Развязали. Цыган опустился перед норой на колени, страшно выворачивая белки, повёл разбитыми глазами по толпе. Встретился взглядом с Гришей, кивнул чуть заметно, будто попросил о чём.
«Узнал, выходит…». Потом нагнулся, сунул в нору руку и тут же… скрылся в ней весь. «Оборотень! – плеснулся над головами истошный бабий крик. – Суслем оборотился!..»
Все заметались, загомонили: «Лопаты несите, выроем!» – «Ни к чему лопаты. Ребятню надо послать за водовозом. Водой из норы его скорей выльем…» – «Как обвёл дураков!» – «Кол осиновый надо вбить!».
Гриша больно закусил губу. Он видел то, чего не видели загипнотизированные крестьяне. Цыган на карачках отполз от норы в долок. Вскочил, пригибаясь и волоча руки, побежал прочь. Почему он не крикнул, не указал на него, Гриша и сам не знал.
– Щас ему, паскуде, все рёбра пересчитаю! – Шура Припадочный с маху тыкал в нору колом. – Нна-н-на!
– Гляди, а то эти разбегутся!
– А то! – Шура выдернул извоженный глиной кол, ахнул по спине Кондачка. – Кличьте его назад из норы, а то всех вас тут порешим!
От удара у Кондачка по-мертвому дёрнулась голова.
– Знал ты, что цыган так отчебучит? – Подступили к нему озлевшие мужики. – Говори, знал?
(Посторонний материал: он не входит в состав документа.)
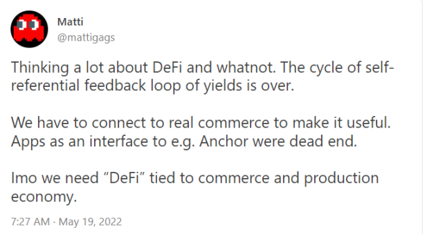 我認為我們需要與商業和生產經濟相聯系的「DeFi」。
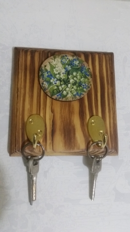 Сделала ключницы. Обжиг, брашировка, лессировка, Декупаж и тонирование. Столкнулась с проблемой крючков. Оказывается, у нас в городе нет выбора крючков, да и вообще фурнитуры. Два дня бегала по городу - искала. Нашла, конечно, не совсем то что нужно. Поэтому, решила больше не брать заказы, пока не подготовлю фурнитуру заранее.
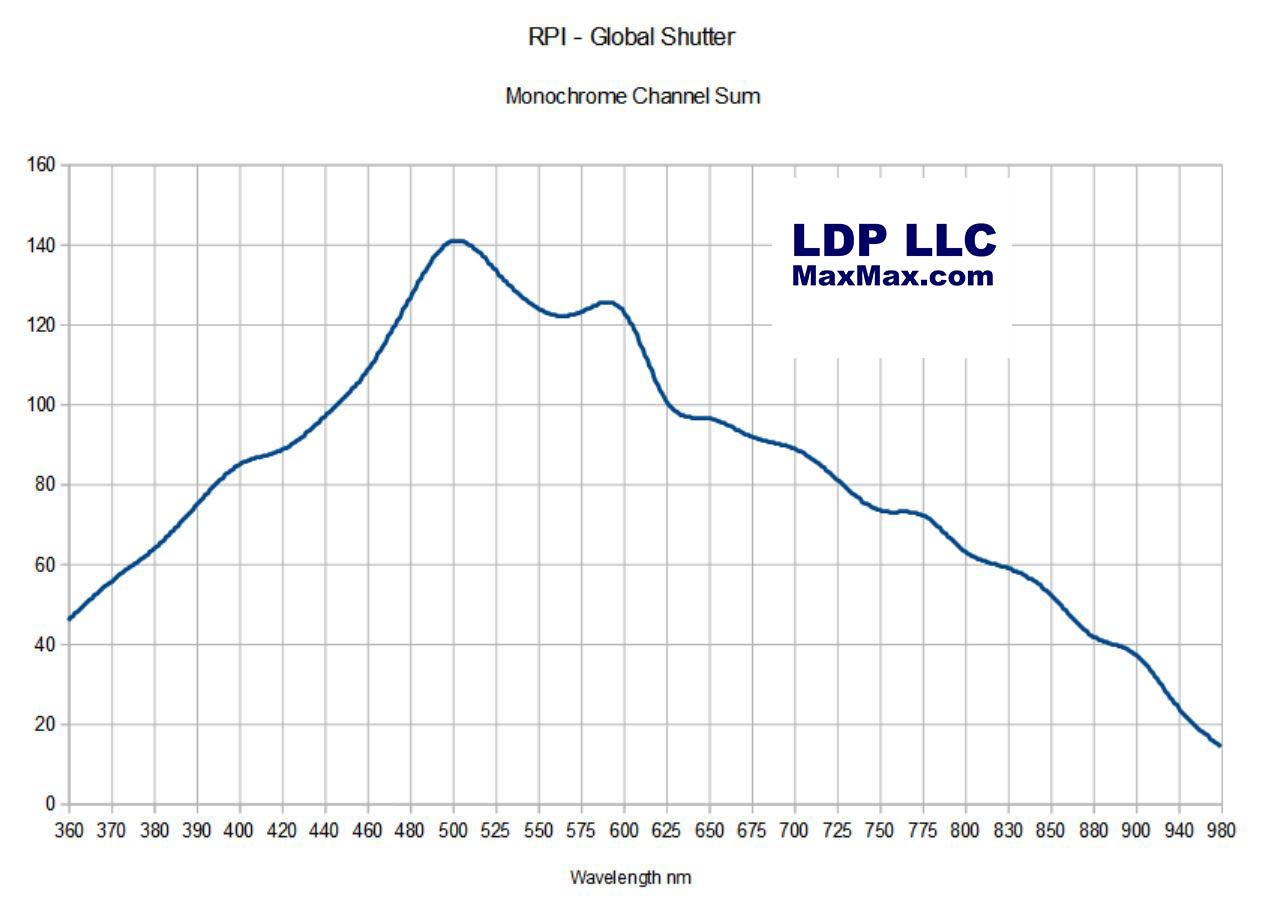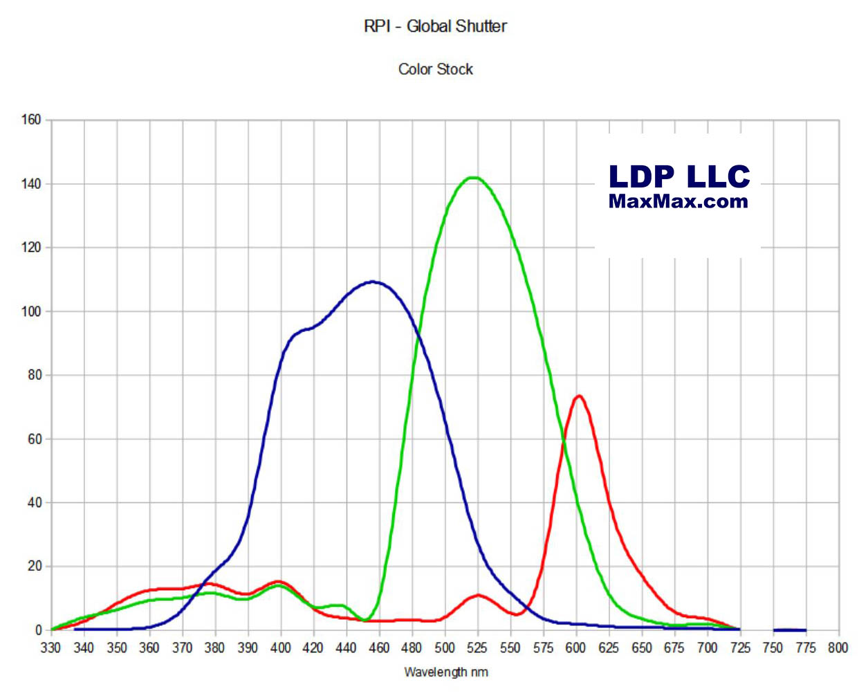 Notice that the stock RPI GS camera has significant response below 420nm, which is the typical digital camera cut off point. The typical digital camera has a 'brick wall' around 420nm. The RPI GS camera uses BG38 glass which passes some UV. Normally, digital cameras which use BG38 glass have coatings on the glass to restrict the UV and IR response. Sometimes, cameras have two layers of glass - one BG38 and one vapor deposition coated.
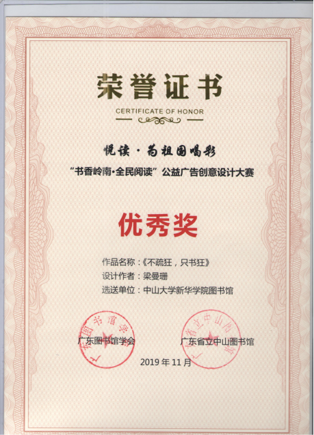 由广东省文化和旅游厅主办、广东省立中山图书馆、广东图书馆学会承办,广东粤图之星科技有限公司协办,广东省各公共图书馆、高校图书馆参与组织,主题为:“书香岭南 全民阅读”。“悦读·为祖国喝彩‘书香岭南·全民阅读’”公益广告创意设计大赛,于2019年5月20开始,面向全国社会读者征集参赛作品。
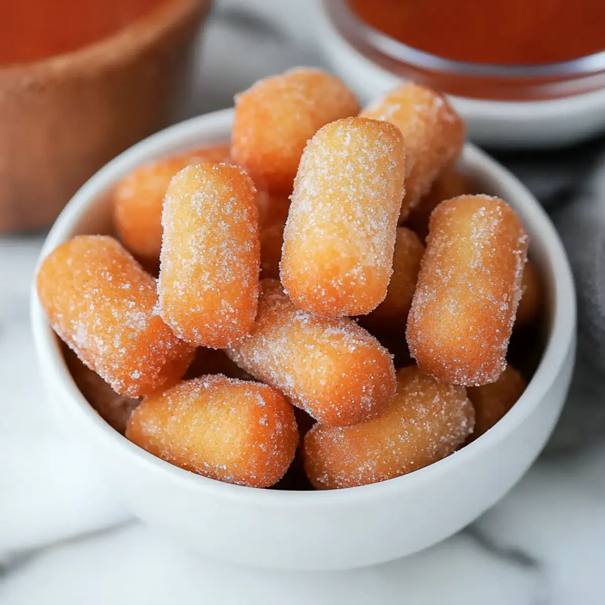 Churro Bites Surprise: Fill the centers with melted chocolate or caramel before frying for a gooey, decadent experience that takes each bite to new heights.
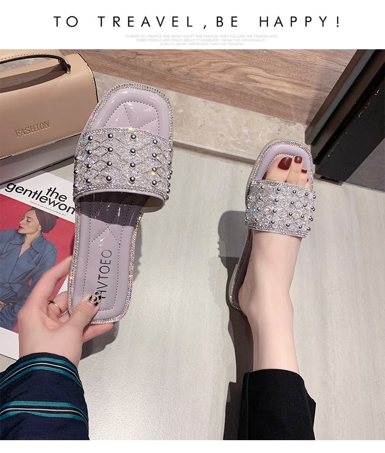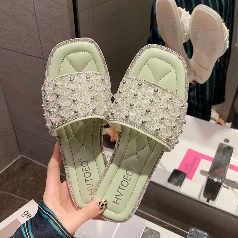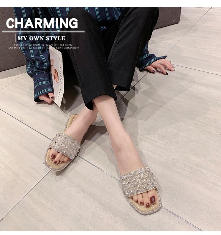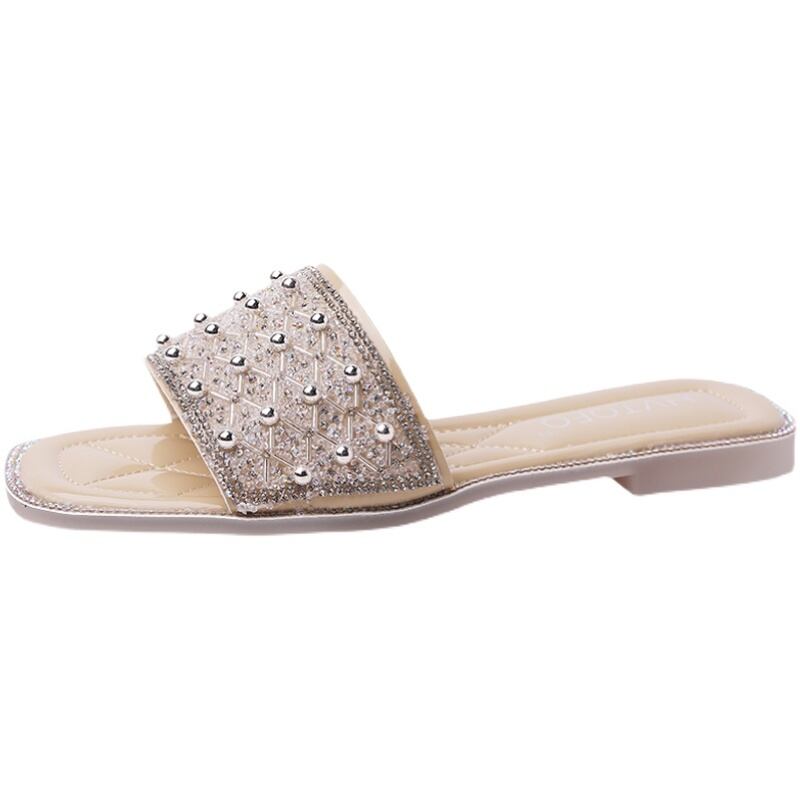 サンダルミュールサマーラインストーンレッド 靴 シューズ 夏物 パール 真珠 部族の婦人靴13353179933
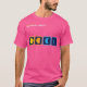 El color es muy bonito al natural, como la foto. El tejido es suave y de buena calidad. Sin defectos en el tintado, ni hilos sueltos o descosidos. Bien la impresión. Los bordes de las letras y el dibujo son nítidos, y el color contrasta muy bien con el de la camiseta.

– Кабы знал, с ним бы в нору спрятался, – прикрывая голову, отозвался Кондачок. – Сами же на деньги польстились.
– Потешается еще! Хрястни его по мусакам! – Красная лапа на голове задергалась от ударов.
– Воду везут, щас выльем! – люди, мешая друг дружке, сгрудились у норы. Вода из жестяной бадьи, завинчиваясь белым вертушком, с хлюпаньем уходила в нору.
«Вылезет, сразу его колом…», «Халда, не колом, а перекрестить его, он цыганом и обернётся». На шестом ведре из норы пробкой выскочил крупный рыжий суслик, заметался между ног, склизкий, ощеренный. Хватали его за лапы, за хвост, кое-как изловили. Бросили в пустое ведро, накрыли бабьим запаном. [9] Ведро перекрестили. Зверёк царапал железо, свистел.
9
Запан – фартук.
– Кому скажи, не поверят. – Гераська об обод колеса счистил с ладоней грязь. – На моих глазах в норь нырнул… Страшно визжал цыганёнок. Бабы рвали его за кудри. Сердце у Гриши колотилось так часто и сильно, что вздрагивал подол рубахи. Он глядел и не узнавал знакомых мужиков. Бороды взъерошены, будто звериные загривки. Палящие злобой глаза, оскаленные рты. Никогда в жизни он не видел, чтобы в людях так явственно проступал звериный облик. Сосед, смирный, моргливый Федорок хорьком кидался на конокрадов, норовя поддеть лаптем в низ живота. Бабы сверкали глазами из-под растрёпанных косм, рвали живьём… Гришатка зажмурился. На какой-то миг погластилось, будто он стоит на краю страшного обрыва, а там на дне во тьме и злобе мечутся звери с человечьими головами, рвут и кусают друг дружку. «Господи, спаси и помилуй нас, грешных, Своею благодатью», – возопил он всем сердцем.
Поднималось солнце, сверкала роса. Степь дышала ласковым утренним теплом. Взвивались, звенели серебряными колокольцами жаворонки. Природа дышала тихой божественной радостью и любовью. Но люди этого не замечали. Волна злобы поднялась и опала. Мужики кисли на жаре. Крутили головами.
Ни денег, ни цыгана. Один суслик в ведре для посмешища. Оставшиеся конокрады, чуя неминуемую расправу, тоскливо гнули головы. Шпынять и бить их все уже уморились.
– Чо с ними валандаться, ввернуть им веретё на в ухи, и взятки гладки, – предложил кто-то из стариков.